--- What this task involves ---
Write out exactly the lines running from the one with "Men's Formal 3-Piece" to the end of the data, including both of those lines and excluding pictures.

--- Material supplied ---
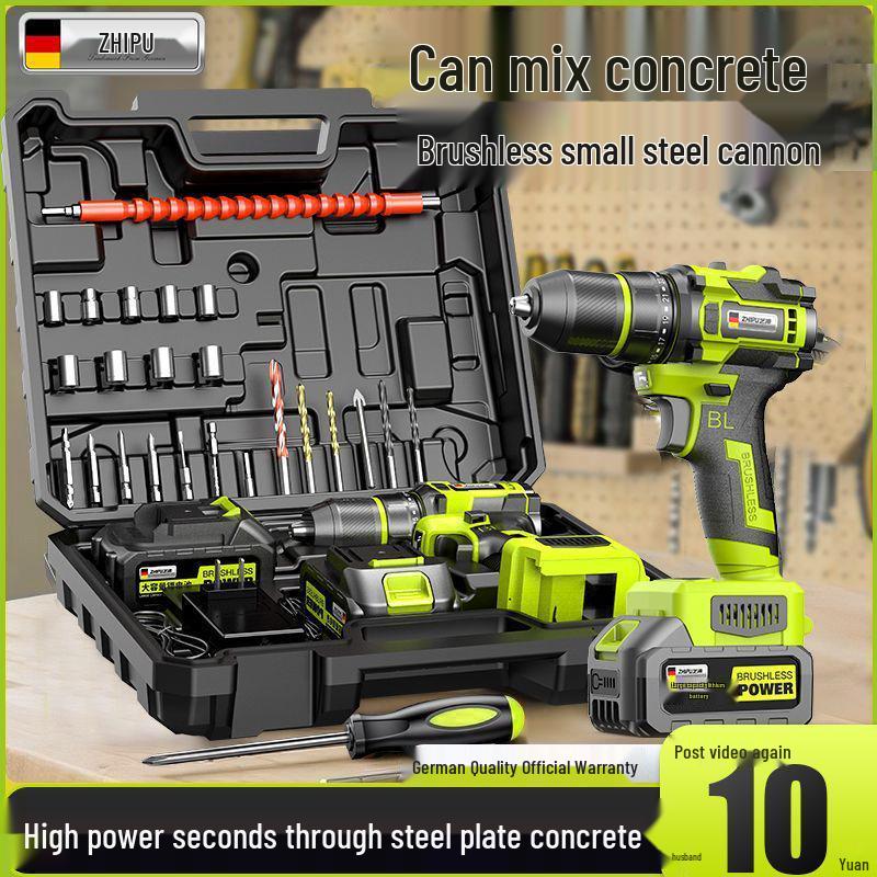 High-Power Brushless Lithium Hand Drill Set with Toolbox
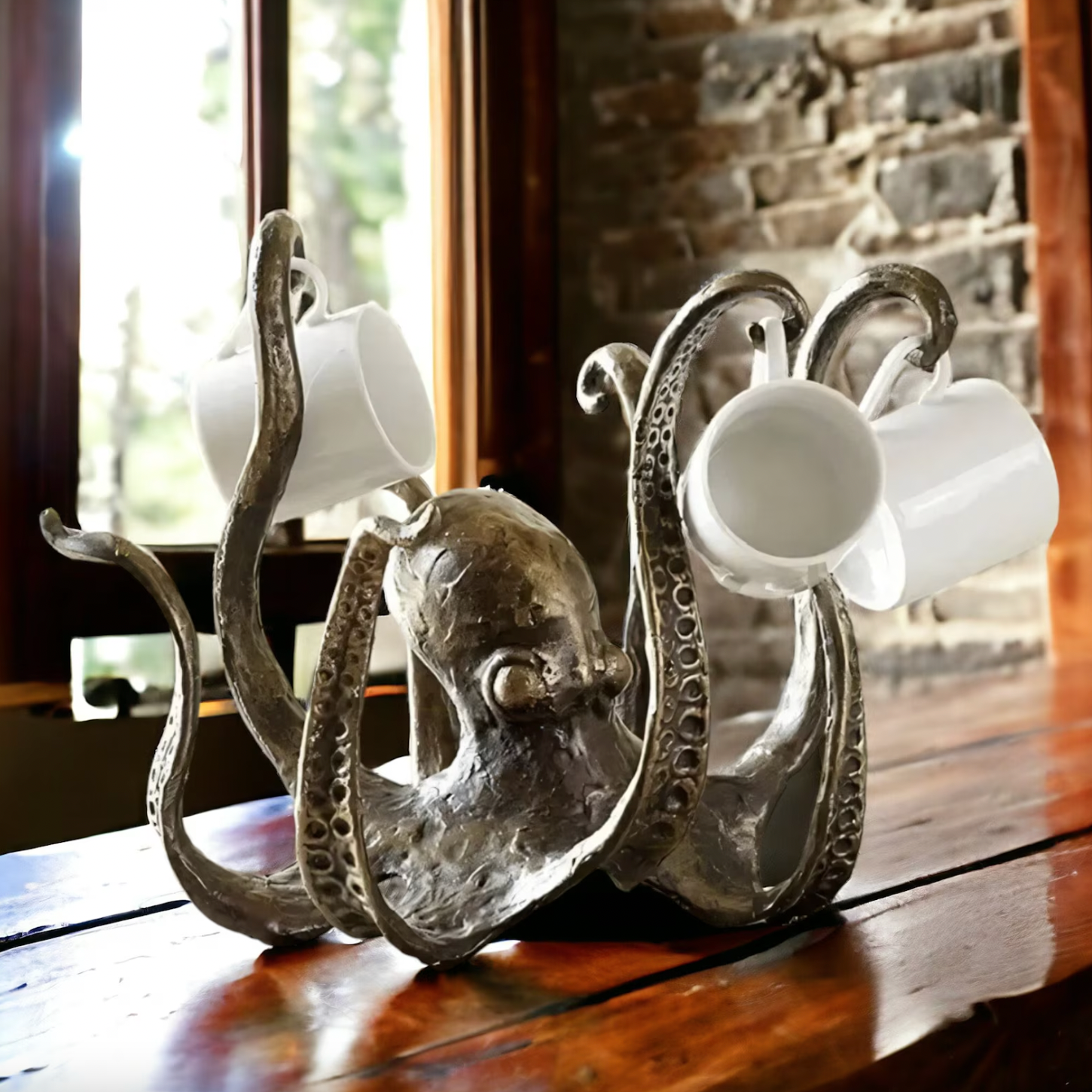 OctoSip tekrus-hållaren har en distinkt design i form av en bläckfisk, där armarna elegant stöder två muggar. Denna kreativa skulptur tillför ett lekfullt, konstnärligt inslag till ditt kök eller matplats och gör det till ett iögonfallande samtalsämne. Dess roliga design är perfekt för dem som värdesätter quirky, funktionell dekoration.
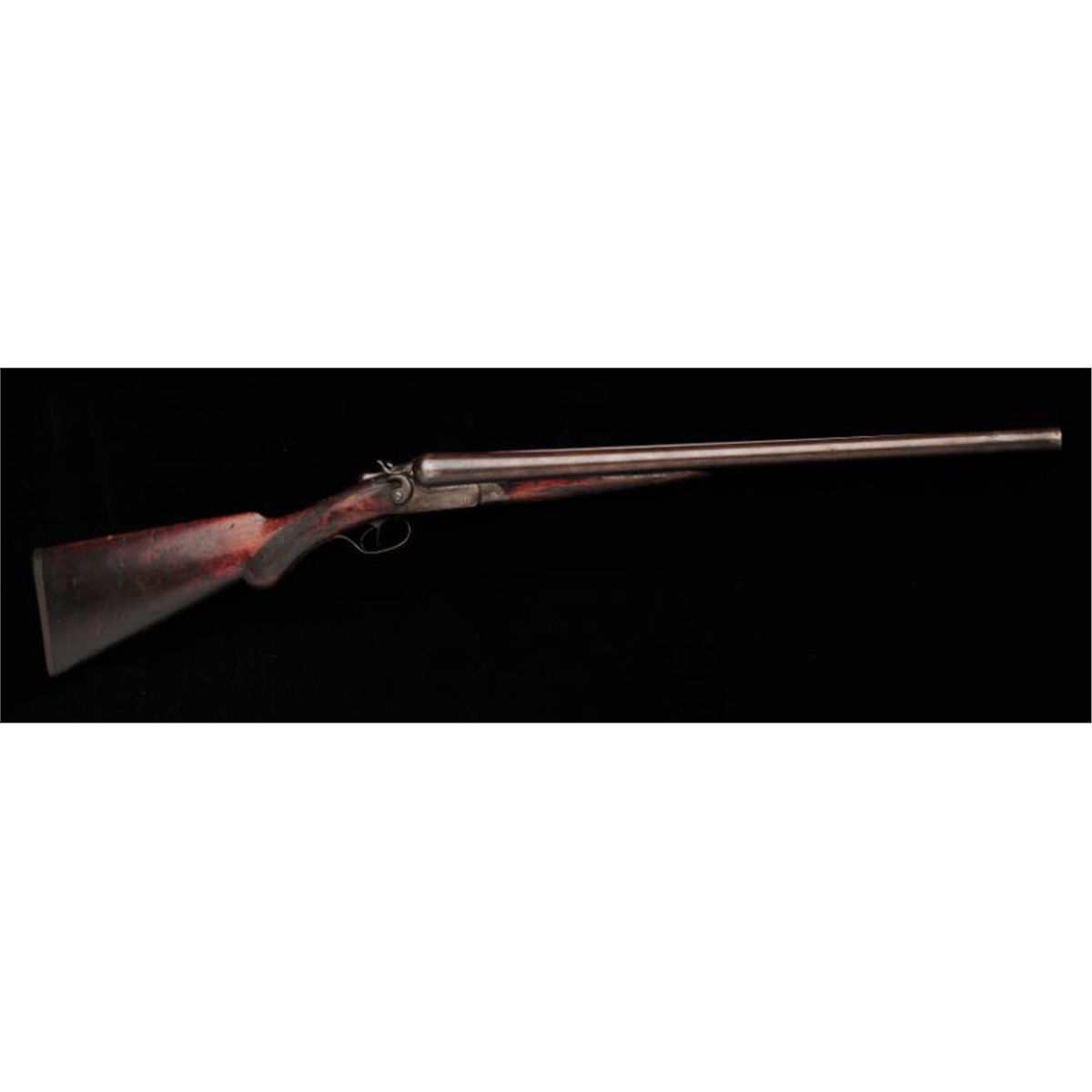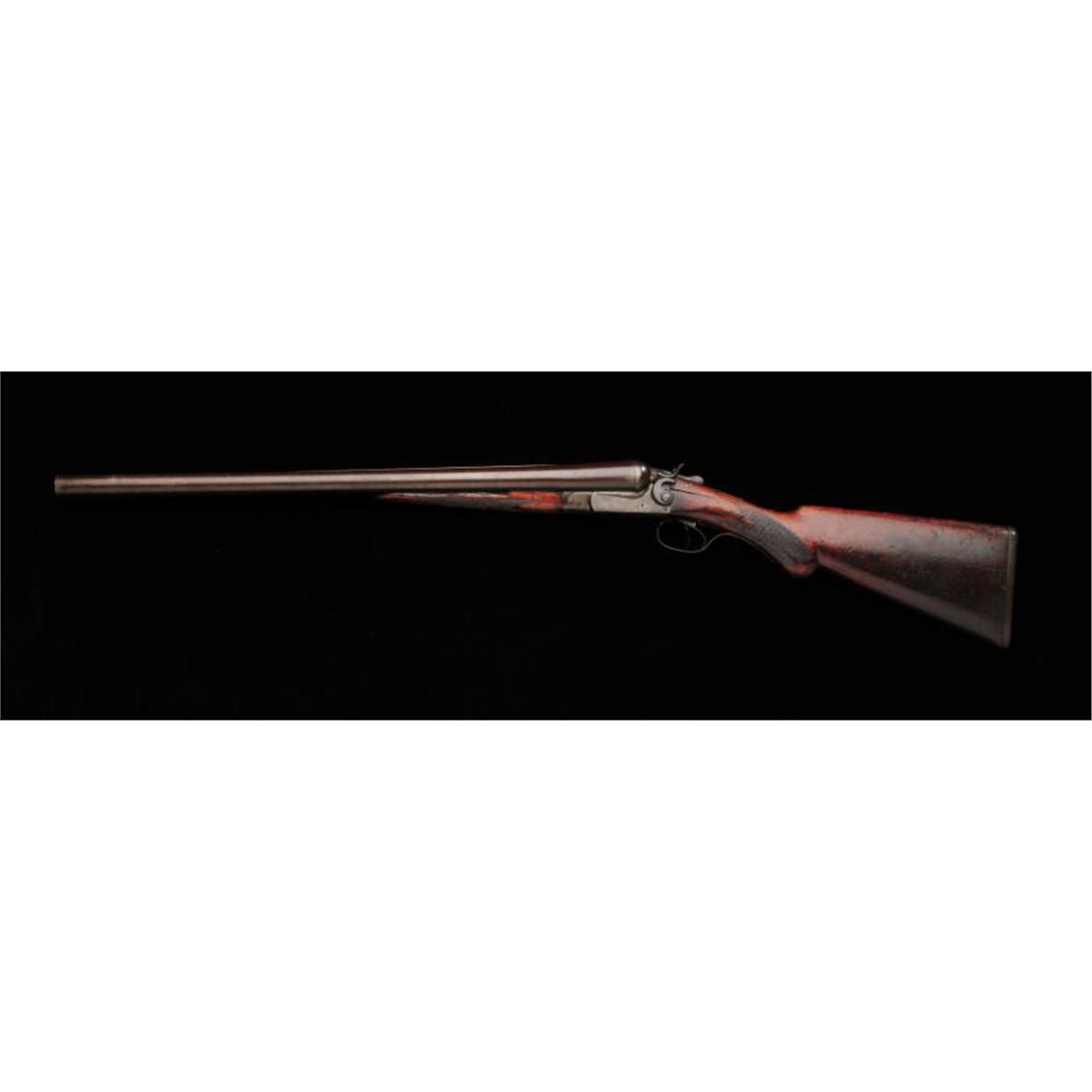 Original Wells Fargo marked Ithaca 10ga double-barrel exposed hammer shotgun, serial #185458. With factory 24” barrels. Left side of frame shows “W. F. & CO. EX P. 444” Originally sold by Sotheby Parke Bernet,September 1973, Gerald Fox Collection, lot 688. With original receipt and factory letter identifying this gun as one of the first 30 sold by Ithaca in 1909 to Wells Fargo. The gun remains in good original condition with30-50% original brown and case hardening going to a natural patina with slight erosion and normal aging. The stocks show damage and repair where the wood meets the top of the action and carry and use. The originalbuttplate is retained. The forend shows cracks, losses of wood at the edge, dents from carry and use. The action is good, the bore is very good. An impeccably documented Wells Fargo marked shotgun with superbdocumentation. From the Robert Hoelscher Collection. Est: $5,000 - $10,000
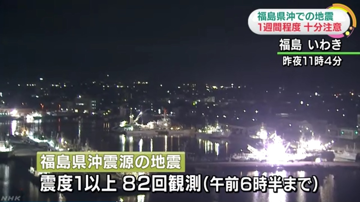 후쿠시마현에서는 22일 오후 11시께에도 진도 4의 흔들림이 관측되는 등 여진이 이어지고 있다. 기상청은 22~23일 오전 6시 반까지 진도 5에서 진도 1의 여진이 총 82회 관측됐다고 전했다.
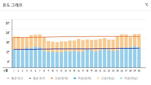 6월 평균 기온은 14~17℃로 매우 선선한 편입니다. 낮 최고 기온은 18~21℃, 밤 최저 기온은 11~13℃ 정도로 일교차가 꽤 큽니다. 특히 해가 진 후에는 바람이 세고 추워질 수 있어 얇은 패딩이나 바람막이가 필요합니다.
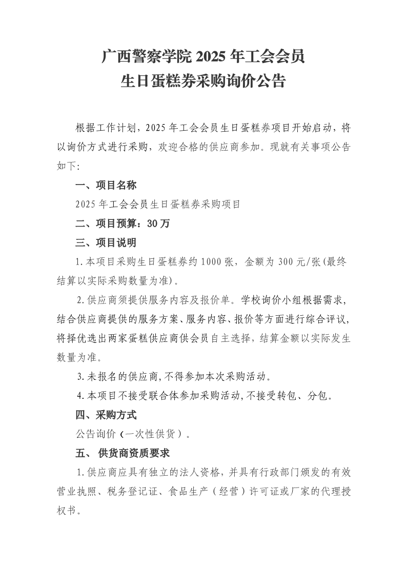 bat365中文官方网站2025年工会会员生日蛋糕券采购询价公告
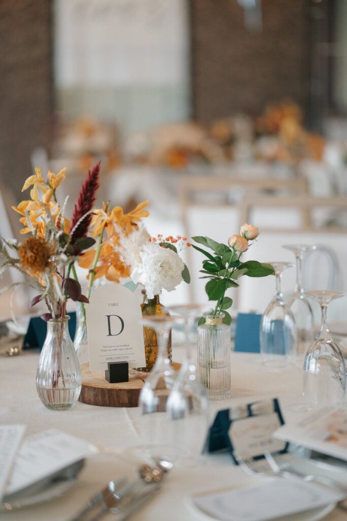 落ち着いた色味の装花や手作りのペーパーアイテムで
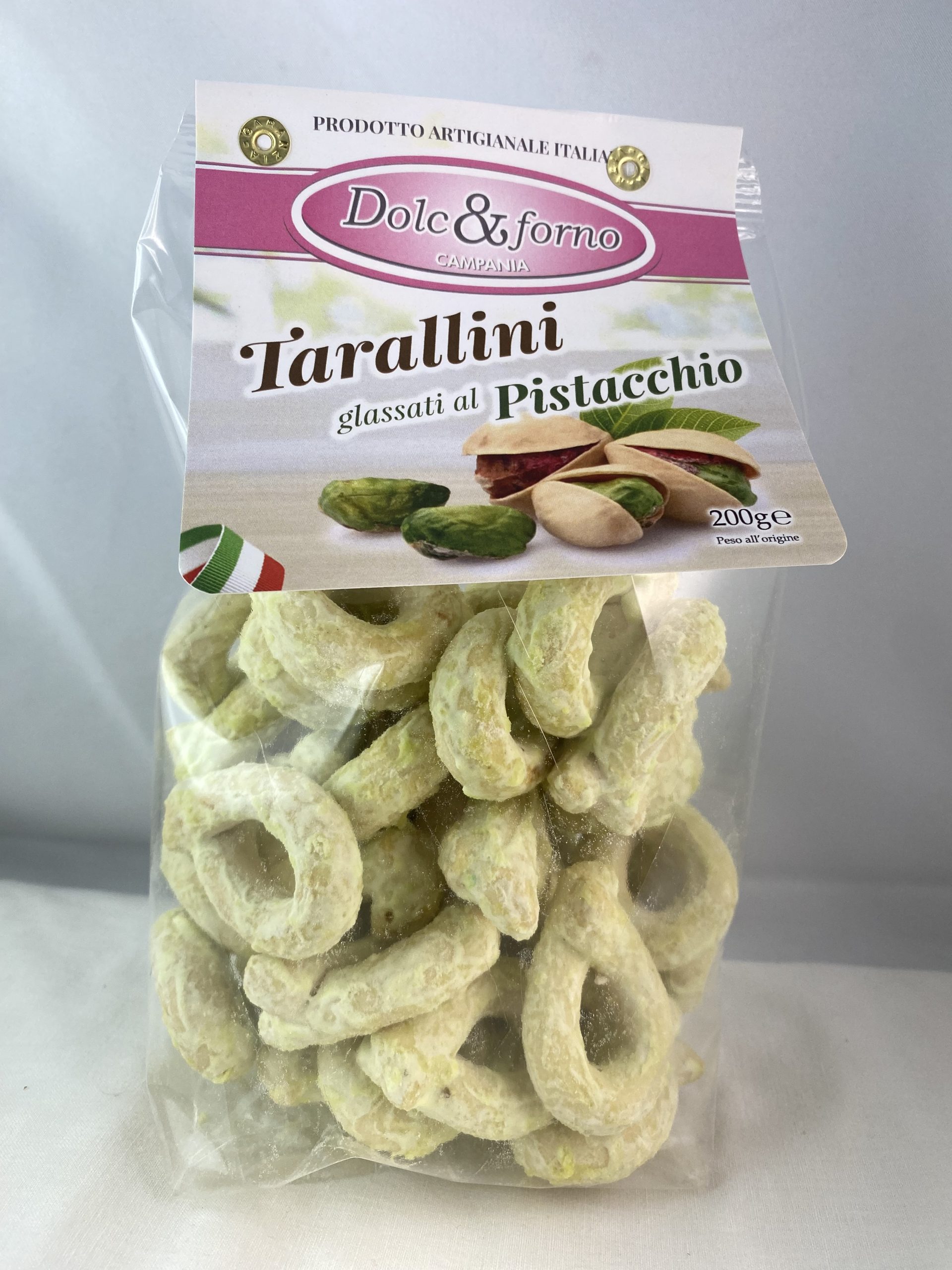 Ingredienti: Farina di grano tenero 0; vino (contiene solfiti);olio di semi di girasole alto oleioco; zucchero; sale; agenti lievitanti: bicarbonato di ammonio; aroma limone; zucchero glassato 35% ; aroma Pistacchio 0,6%.
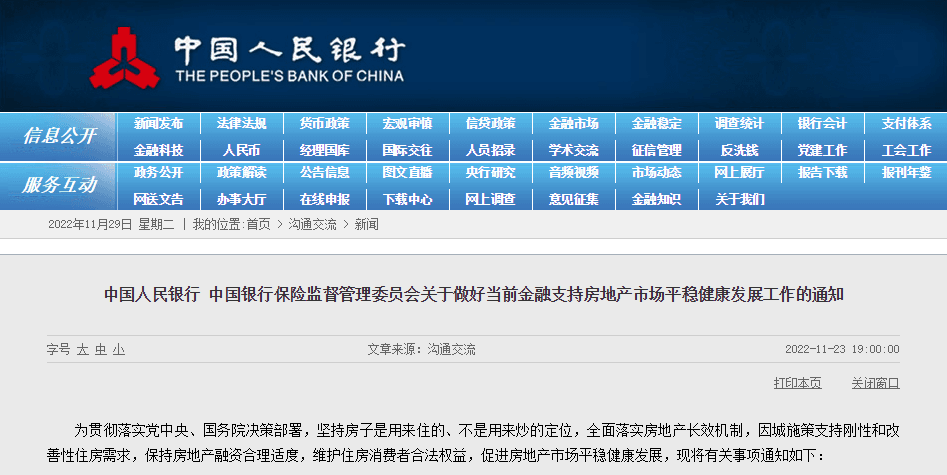 11月23日,《中國人民銀行中國銀行保險監督管理委員會關于做好當前金融支持房地產市場平穩健康發展工作的通知》正式發布。
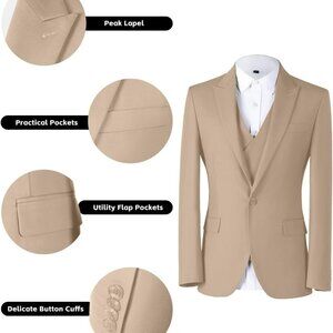 Men's Formal 3-Piece Champagne Suit Set: Slim Fit, Versatile for Weddings & More
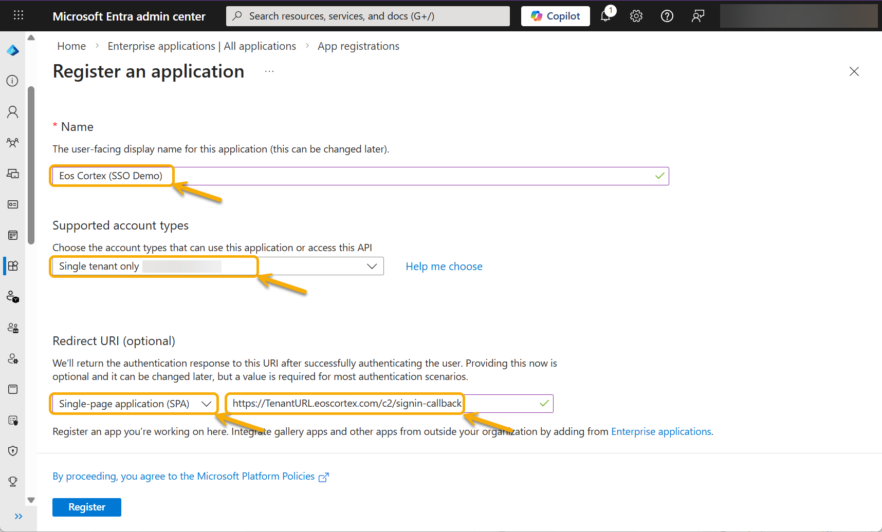 - Redirect URI: https://%your Tenant name%.eoscortex.com/c2/signin-callback

--- Your response ---
 Men's Formal 3-Piece Champagne Suit Set: Slim Fit, Versatile for Weddings & More
 - Redirect URI: https://%your Tenant name%.eoscortex.com/c2/signin-callback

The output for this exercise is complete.